SUMMARY OF INVENTION
Disclosed technique provides high responsivity to infra-red and ultra-violet wavelengths critical for a variety of imaging applications. Because the responsivity to ultra violet is improved, the technique disclosed here also enables extensions of the imaging space to large area UV
sensing and imaging. The noise performance of the pixel is improved by a switch biasing technique.
Although the pixel circuit and architecture disclosed here has been implemented using amorphous silicon technology, it can be extended to crystalline Si (including CMOS) technologies, as well as thin film micro-/nano-crystalline Si and organic technologies on glass and plastic substrates.

ADVANTAGES
This driving scheme provides for low noise, high sensitivity, and low power detection. The technique disclosed here provides an extremely economical solution to imaging as the image sensor and readout technique can be implemented in standard amorphous silicon flat panel technology.

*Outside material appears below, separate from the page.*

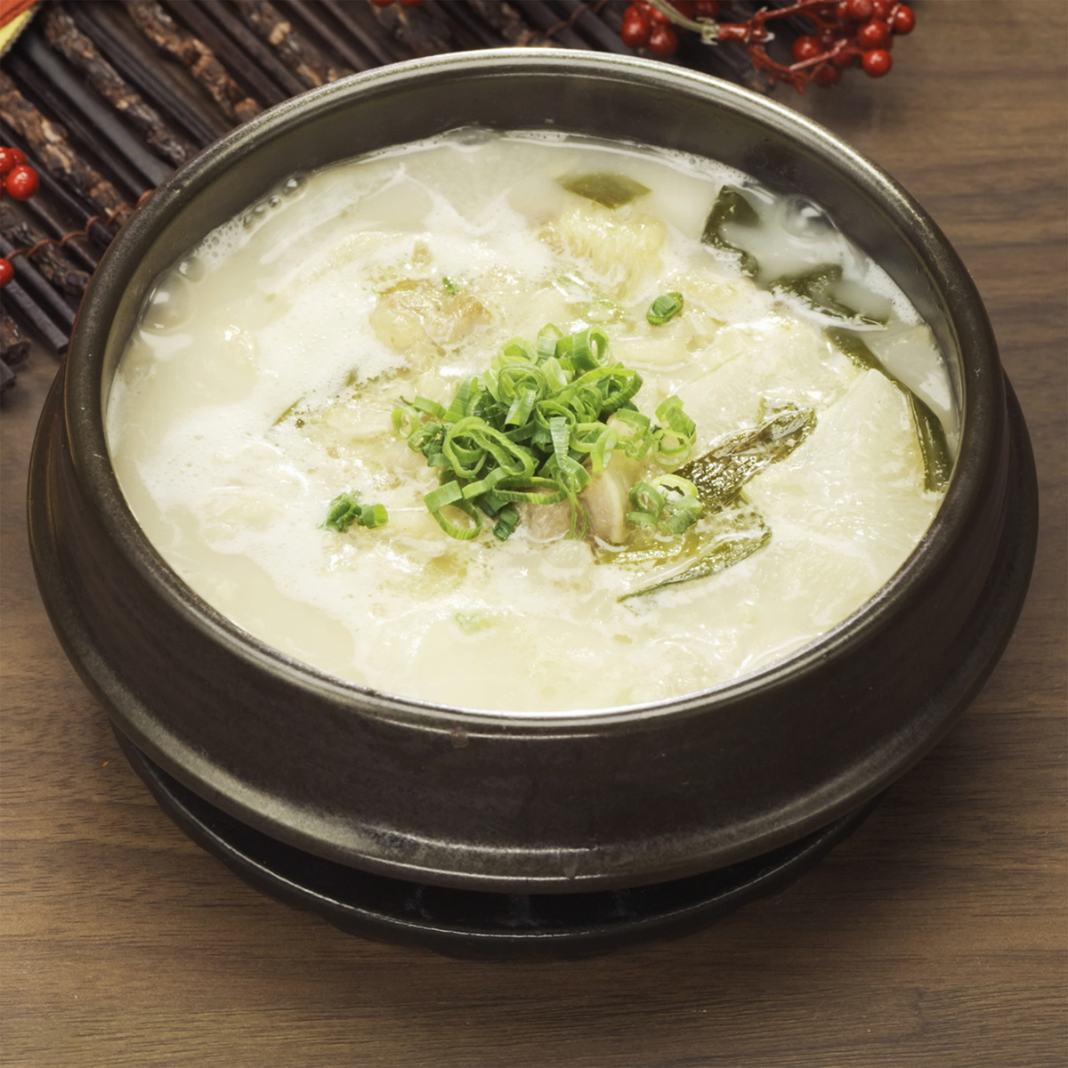 牛肉(アメリカ産)、大根(国産)、韓国もち(うるち米(アメリカ産)、食塩)、牛骨スープ(畜肉エキス、還元水あめ、食塩、その他)、小葱、牛肉風味調味料、胡椒/調味料(アミノ酸等)、酸味料、トレハロース、カラメル色素、増粘剤(キサンタンガム)、チアミン、乳化剤、ポリリン酸Na、香料、(一部に小麦・乳成分・大豆・牛肉・鶏肉・ゼラチンを含む)

The technology commonly used in a variety of bio-imaging applications is based on the charge coupled device (CCD). While CCD cameras provide for high throughput imaging, they suffer from low collection efficiency (<1%), by virtue of the bulky optics required to image over large areas, and prohibitively high cost. Moreover, substantial cooling is required to reduce the noise associated with the dark current so as to enable reasonably large integration times to boost signal-to-noise ratio. The issues related to cost, size, and performance can be effectively addressed with the amorphous silicon (a-Si:H) flat panel technology, which has emerged as a promising technology for large area pixelated arrays of electronics. For example, a key requirement for in-vivo bio-molecular imaging applications, is the sensitivity of the a-Si:H imager to near infra-red (NIR, 700-900 nm).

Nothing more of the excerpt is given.